Reed Sternberg Cells: The Hallmark of Hodgkin Lymphoma

Reed-Sternberg cells are distinctive, large cells observed under a microscope in biopsies. They serve as a significant diagnostic marker. Their unusual appearance makes them recognizable to pathologists. Dorothy Reed Mendenhall and Carl Sternberg provided their definitive microscopic descriptions, establishing their importance in pathology.

Characteristics of Reed-Sternberg Cells

Reed-Sternberg cells are notably large, ranging from 30 to 100 microns. A distinguishing feature is their bilobed or multinucleated appearance, often described as resembling an “owl’s eye” due to their large, prominent eosinophilic nucleoli and thick nuclear membranes. Their nuclei have a distinct, thick membrane and vesicular chromatin, sometimes appearing as mirror images.
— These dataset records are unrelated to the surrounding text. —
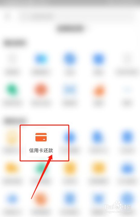 在【全部应用】页面,点击【信用卡还款】栏目,进入【信用卡还款】页面;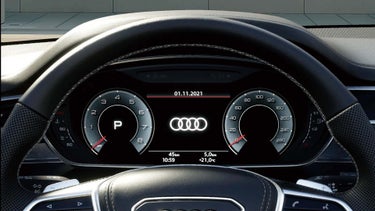 高解像度12.3インチカラー液晶フルデジタルディスプレイに、スピードメーター、タコメーター、マップ表示、ラジオ/メディア情報などフレキシブルに表示。操作はマルチファンクション付きステアリングホイールからダイレクトに行えます。レイアウトは「ダイナミック」、「スポーツ」、「Sパフォーマンス」から選択できます。またVIEWボタンを押すことでメーターの大小切り替えも可能。メーター表示を小さくすれば、オンボードコンピューターやMMIナビゲーションのコンテンツ、3D地形図などをより見やすく画面の広いエリアに表示できます。ルートガイダンスを起動している間は、スピードメーター近くにナビゲーション情報が常時表示され、タコメーターにオンボードコンピューター数値の配置も可能です。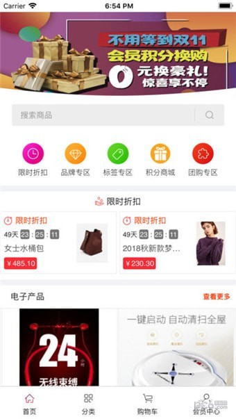 同时融e汇商城软件部分商品还设置有限时折扣、积分兑换、团购等功能,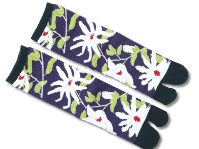 Envie de chaussettes japonaises à la déco florale sortant des sempiternelles fleurs de cerisier ? Voici de superbes magnolias de Kobe dont la blancheur contrastera avec un beau fond indigo.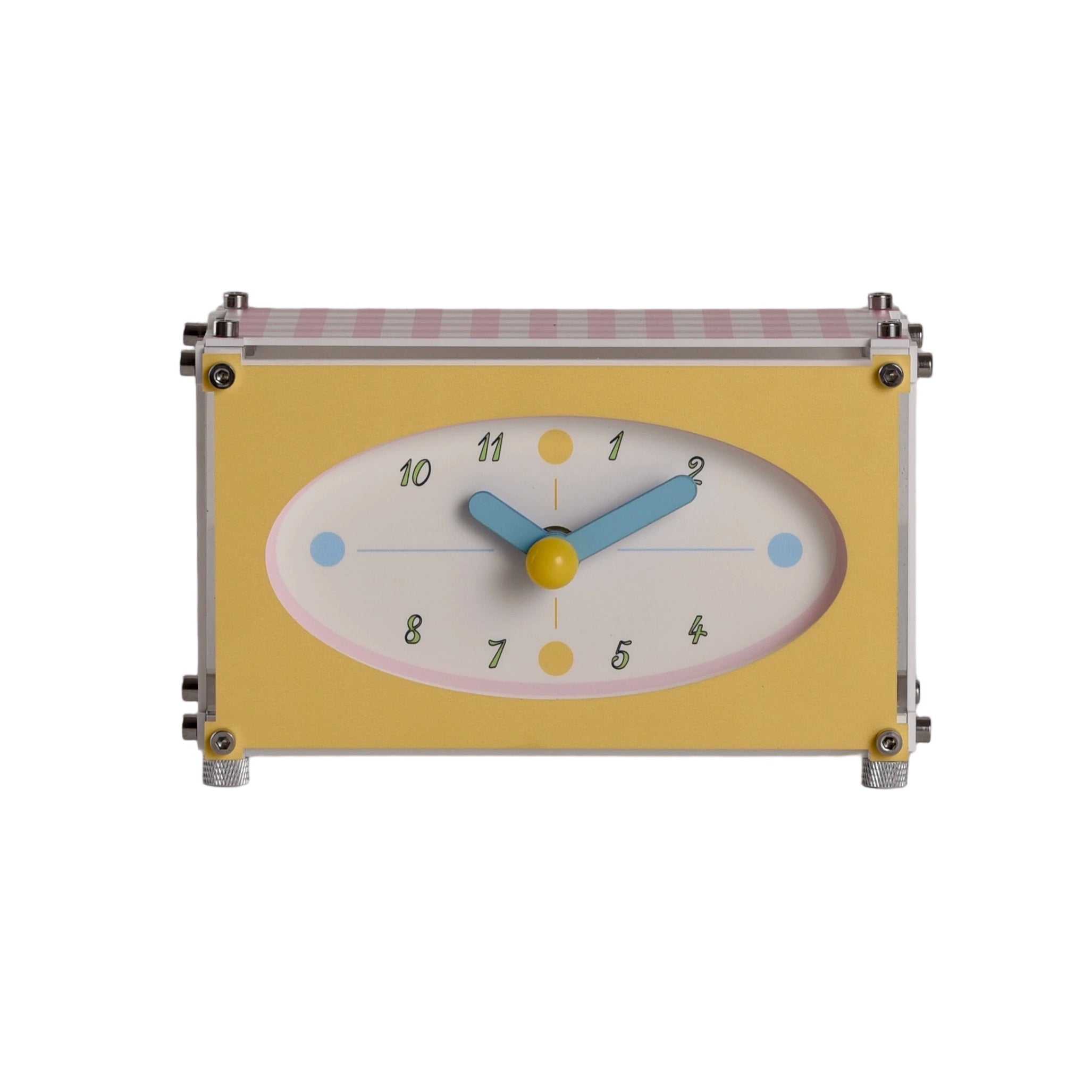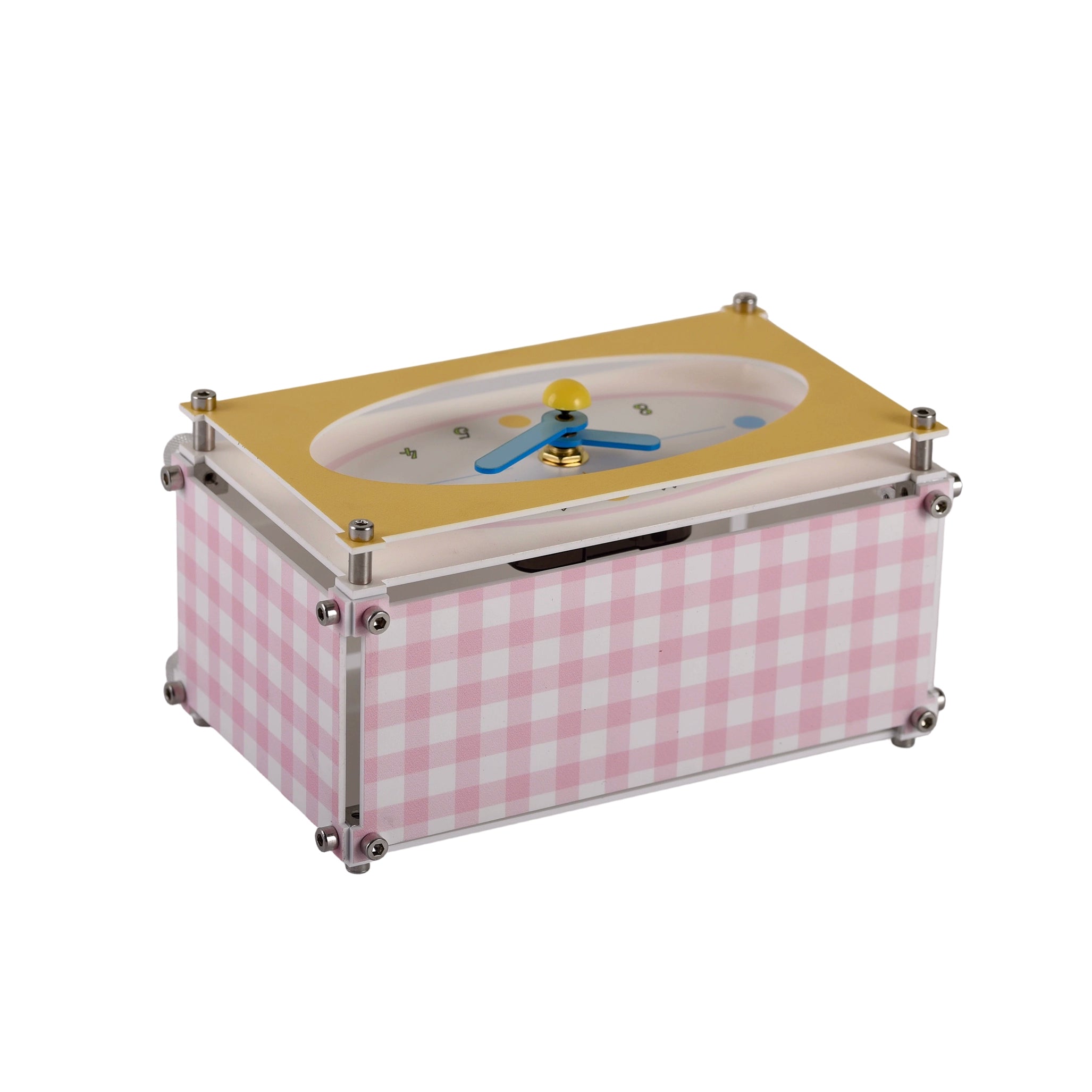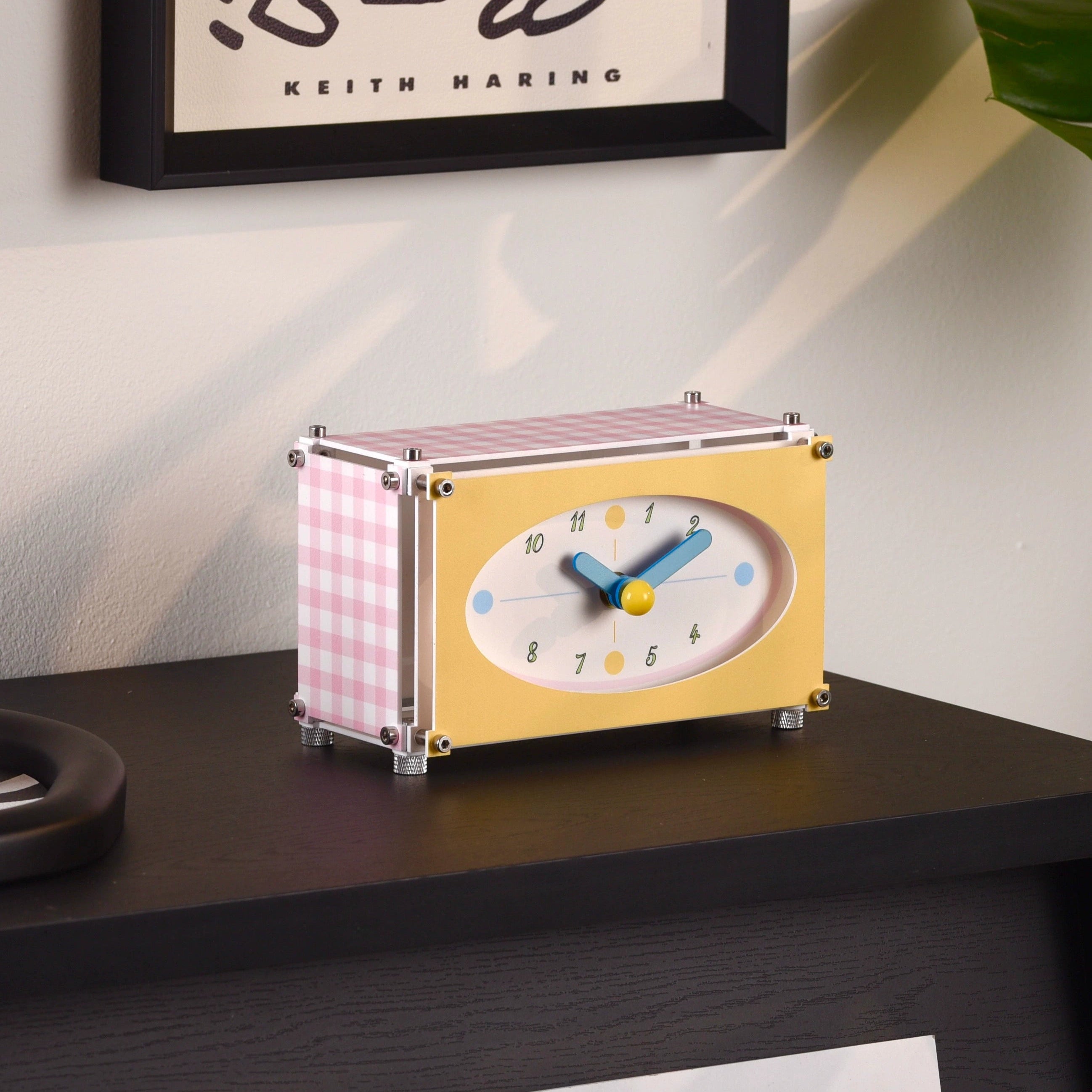 Add a playful accent to your space with this compact check-pattern desk clock. Designed with a soft graphic face and pastel tones, this small table clock brings a lighthearted charm to bedside tables, shelves, or work desks.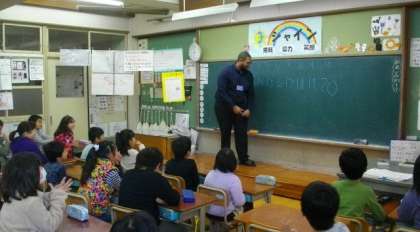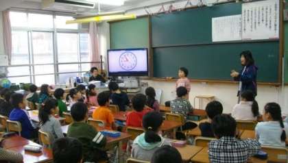 朝の会で,スピーチをしています。また,ALTの先生に,英語の学習をすすめていただきました。はじめに1から20までの数字の数え方を,クイズ形式で学んでいます。とても楽しそうです。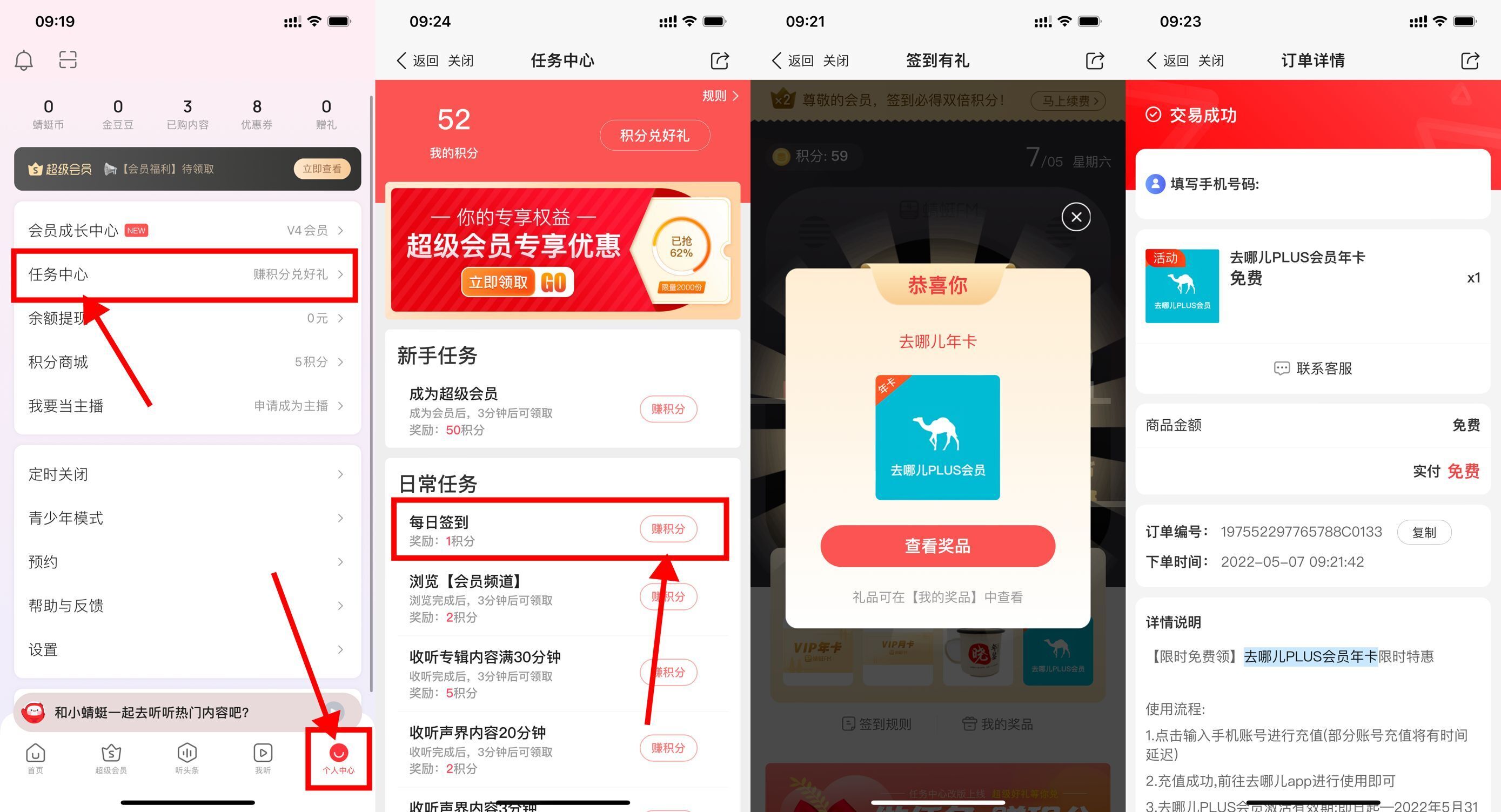 【蜻蜓FM抽去哪儿PLUS会员年卡】蜻蜓FM APP->个人中心->任务中心->每日签到->签到得1次抽奖机会->基本必中去哪儿PLUS会员年卡->输入手机号领取秒到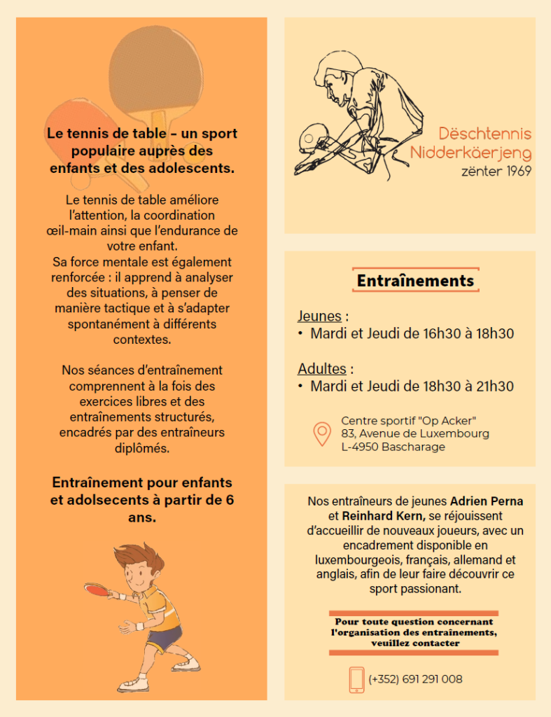 Donneschdes: 16:30-18:30 Entraînement Jeunes
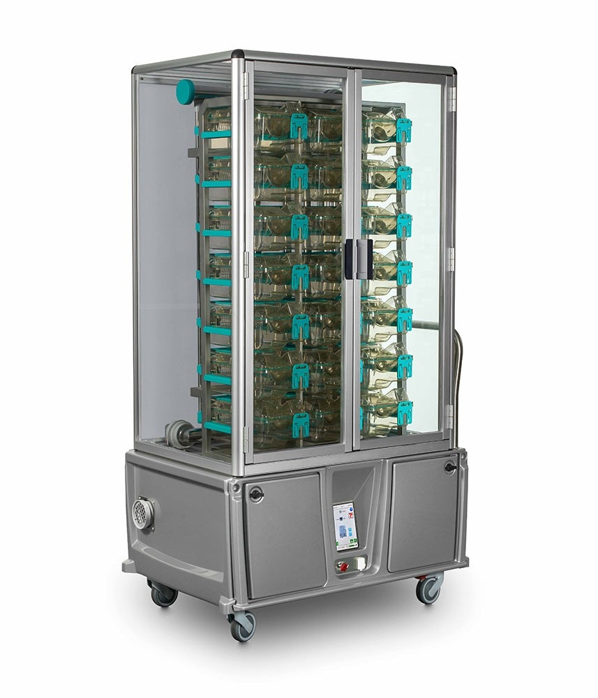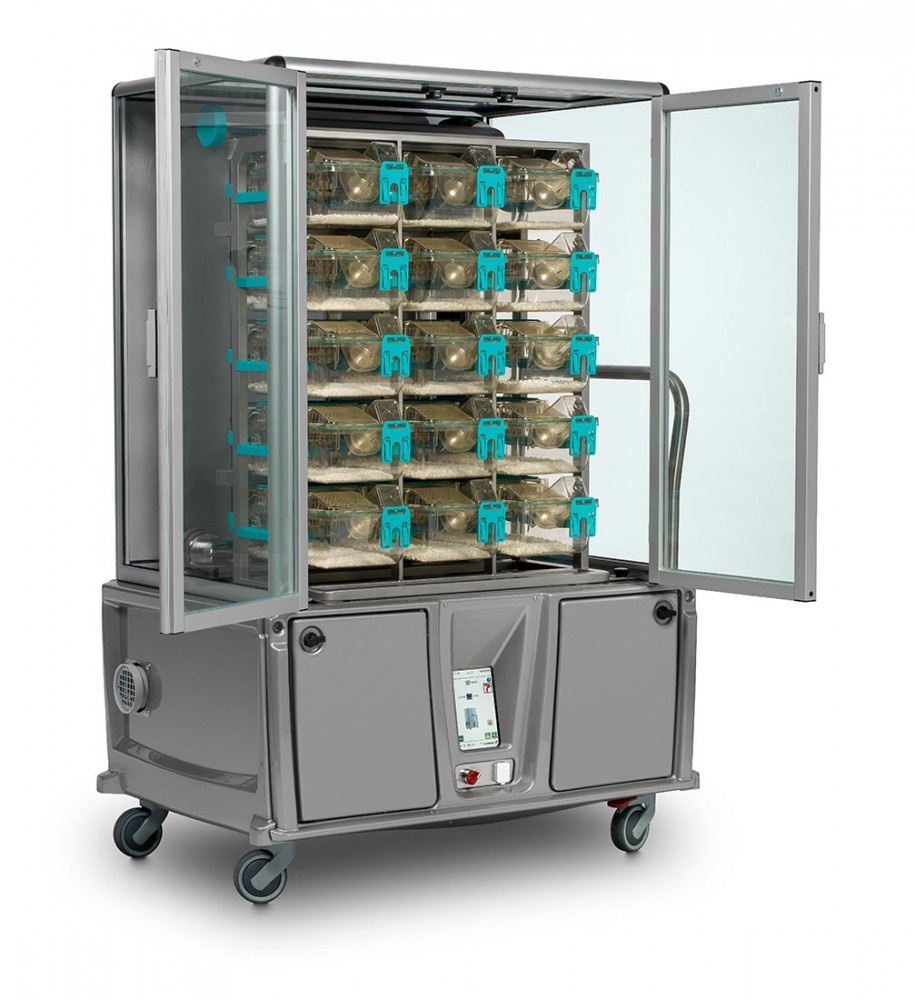 Nowy regał rekonwalescencyjny z wbudowanym nawilżaczem został zaprojektowany tak, aby zapewnić kontrolę wilgotności, temperatury oraz wentylacji wewnątrz klatki domowej podczas eksperymentów oraz w okresie pooperacyjnym. Regał rekonwalescencyjny stanowi idealne rozwiązanie zapewniające dobrostan zwierząt oraz umożliwiające izolację wybranych zwierząt osłabionych lub chorych w celu kontroli weterynaryjnej lub leczenia.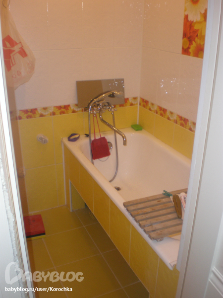 Интересно у вас ванна заложена плиткой, до этого подобных вариантов я не встречала. Туда наверное и поставить что-то можно и около ванны удобно стоять?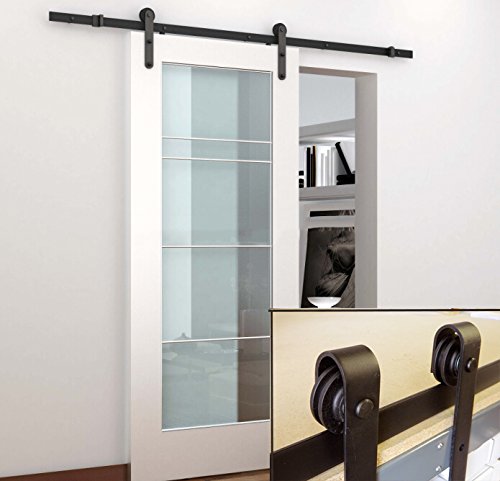 TMS® 6FT Black Country Barn Wood Steel Sliding Door Hardware Closet Set Antique Style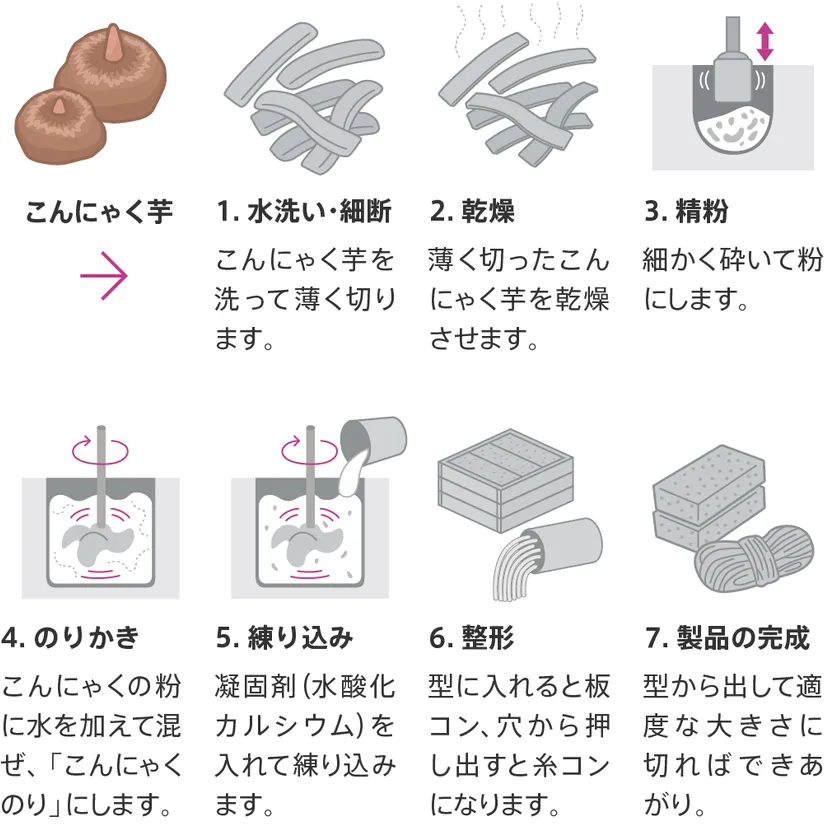こんにゃくの原料はこんにゃく芋ですが、地面の中にある球形に肥大した茎で、通常3年ほどかかって成長します。こんにゃく芋そのものは、そのままでは食べることはできず、長期の保存もできません。そのため、こんにゃく芋を乾燥させて精粉(せいこ)と呼ばれる粉にしてから加工します。今、こんにゃく製品を1年中食べられるのは、この精粉を加工するようになったためなのです。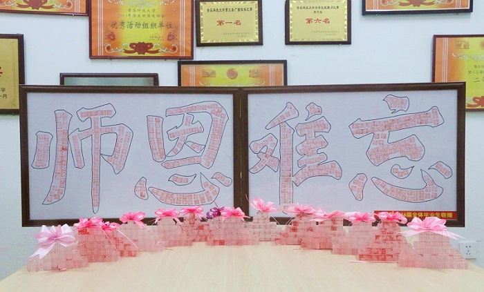 饮水思源,师恩难忘。2016届毕业生即将离别母校,踏上新的征程之际,化学院领导、老师与毕业生合影留念,并为每位毕业生准备了一份特殊的礼物——专属纪念印章。毕业生用自己的姓名印章在宣纸上拼写出“师恩难忘”四个字,作为毕业生送给学院的礼物,表达出毕业生对老师的感恩之情和对母校的深深祝福。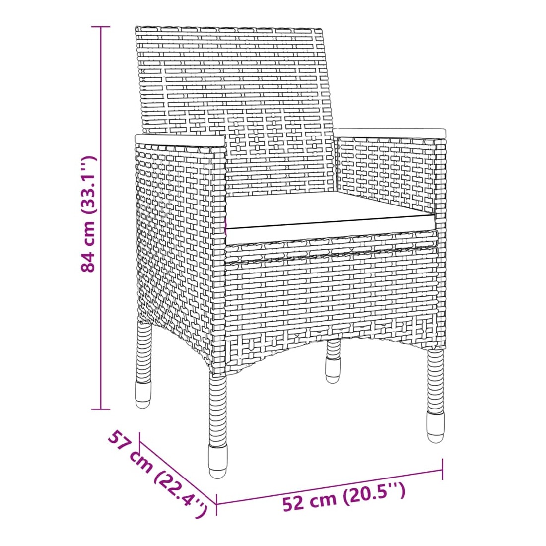 • Dimensions de la chaise : 52 x 57 x 84 cm (l x P x H)

The cells possess abundant cytoplasm, which can appear pale, eosinophilic, or amphophilic, and may be finely granular or homogenous. In some variations, such as lacunar cells found in nodular sclerosis Hodgkin lymphoma, the cytoplasm can retract during preparation, creating an empty space or “lacunae” around the nucleus. Other variants, like “popcorn cells” seen in nodular lymphocyte predominant Hodgkin lymphoma, are smaller with hyper-lobulated nuclei.

Role in Hodgkin Lymphoma

Reed-Sternberg cells are the defining pathological feature of classical Hodgkin lymphoma. Their presence, even if infrequent, is a strong indicator for this diagnosis and helps differentiate it from other types of lymphoma. These malignant cells, while central to the disease, often constitute a small fraction, less than 1% to 5%, of the total cellular population within affected lymph nodes or tissues.

The surrounding tissue in classical Hodgkin lymphoma is characterized by a significant inflammatory background. This environment includes a variety of reactive cells such as T-cells, B-cells, eosinophils, macrophages, plasma cells, and neutrophils, which form the bulk of the tumor mass. Reed-Sternberg cells interact with these immune cells, influencing the surrounding microenvironment and contributing to the overall pathology and clinical presentation of Hodgkin lymphoma.

Identification of Reed-Sternberg Cells

Identifying Reed-Sternberg cells begins with a biopsy, often from an enlarged lymph node. The tissue sample is prepared and examined under a microscope by pathologists, allowing for initial recognition of their characteristic “owl’s eye” appearance and large size.

To confirm their identity and differentiate them from other atypical cells, immunohistochemistry (IHC) is widely used. This technique detects specific surface markers. Reed-Sternberg cells show positive staining for CD30 and, in about 80% of classical Hodgkin lymphoma cases, for CD15. CD45 is negative, while a weak nuclear expression of PAX-5 is also characteristic. The combination of these markers helps pathologists make an accurate diagnosis.

Cellular Nature and Development

Reed-Sternberg cells originate from germinal center B lymphocytes. These B cells undergo V(D)J recombination and somatic hypermutation in germinal centers. Normally, B cells with non-functional or low-affinity antibody genes undergo programmed cell death (apoptosis). However, Reed-Sternberg cells are B lymphocytes that failed to undergo this process, becoming malignant and proliferating.

Despite their B-cell origin, classical Reed-Sternberg cells lose the typical B-cell gene expression profile, including immunoglobulin genes. This reprogramming is not fully understood but may involve widespread epigenetic changes and “crippling” mutations acquired during somatic hypermutation. Their survival is linked to the activation of specific signaling pathways, such as the NF-κB transcription factor pathway, which helps them evade immune detection and continue to grow.